It’s been more than 4 years since I wrote Building Moats Around Data, so, so much has changed since then. It reminded me of a quote by Bill Gates: “Most people overestimate what they can do in one year and underestimate what they can do in ten years.” If anything, the last 4 years have proven this to be the case for our society as well.
In the article above, I wrote:
The first question led me to reading up on the “I have nothing to hide” argument and its implication on privacy development. It’s about the subtle nuance of agency: “I have nothing to hide” is fundamentally different from “I have nothing I want to show you.” The former implies that a person has no reason to not expose everything unless there’s something nefarious going on, shifting the agency of data control to a non-owner. The latter rightfully associates the agency of data control to its owner, implying that sharing is a willful action, not an expectation. If we’re talking about privacy as a right, each citizen should be able to decide what to share, not whether to hide. The nothing-to-hide argument short-circuits that logic to halt critical thinking around privacy and stifle public discussion.

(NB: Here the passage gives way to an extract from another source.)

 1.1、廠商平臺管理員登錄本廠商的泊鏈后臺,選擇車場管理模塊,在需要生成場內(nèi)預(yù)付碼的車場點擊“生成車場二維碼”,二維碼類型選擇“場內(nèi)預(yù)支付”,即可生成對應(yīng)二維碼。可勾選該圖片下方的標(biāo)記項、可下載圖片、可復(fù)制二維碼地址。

My thinking around data protection stems from this distinction: I am the owner of my data and I should give explicit permission for the harvesting and use of my data. By not protecting my data, I lose my ability to control it, and relinquish that power to someone else.
My thinking on this hasn’t changed a bit. What changed, however, are the new technologies available to help me implement something other than the clumsy six-email system that I used.

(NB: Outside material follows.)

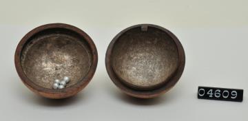 Kugelige Rollierdose aus Holz zum Überziehen der Pillen mit Blattsilber zum Ineinanderstecken. Für wohlhabende Patienten wurden die Pillen versilbert. Dazu ließ man sie in den mit Blattsilber ausgelegten Dosen so lange kreisen, bis sie gleichmäßig überzogen waren. Mit fünf versilberten Pillen und Silberfolie.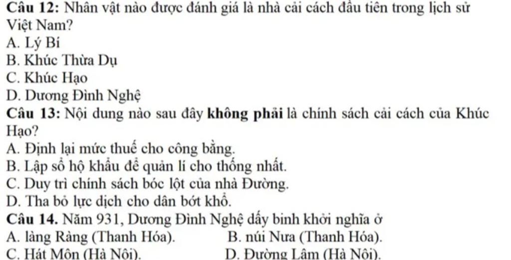 `-` Khúc Hạo (con của Khúc Thừa Dụ) được coi là nhà cải cách đầu tiên của Việt Nam

In my previous framework, I classified all apps and services I used into 6 categories based on their exposure of my PII (Personally Identifiable Information). I gave each service their own email address in ProtonMail and a “+” alias. This would insulate me from data leaks being used to serial-attack other services sharing the same PII.
However, this approach had several flaws. Aside from the simplistic aliasing scheme that’s easily reverse engineered, the biggest one was inconvenience: I had to think about classification and aliasing every time I sign up for something. If I wanted to shut down communication from a service, I had to manually block its sender address or request account deletion. Keeping track of 6 email addresses and all of their aliases were getting tiring. Occasionally, some services also didn’t support the “+” symbol for archaic reasons.
Random Email Generator
The centerpiece of my current setup is a new iCloud feature awkwardly called: Hide My Email. Essentially, this is an email generation tool that routes incoming emails to an inbox of your choice, and replies are made to appear from the same anonymized address to the recipients as well. Combined with iCloud Keychain, it’s a complete system to manage anonymized emails and randomly generated passwords.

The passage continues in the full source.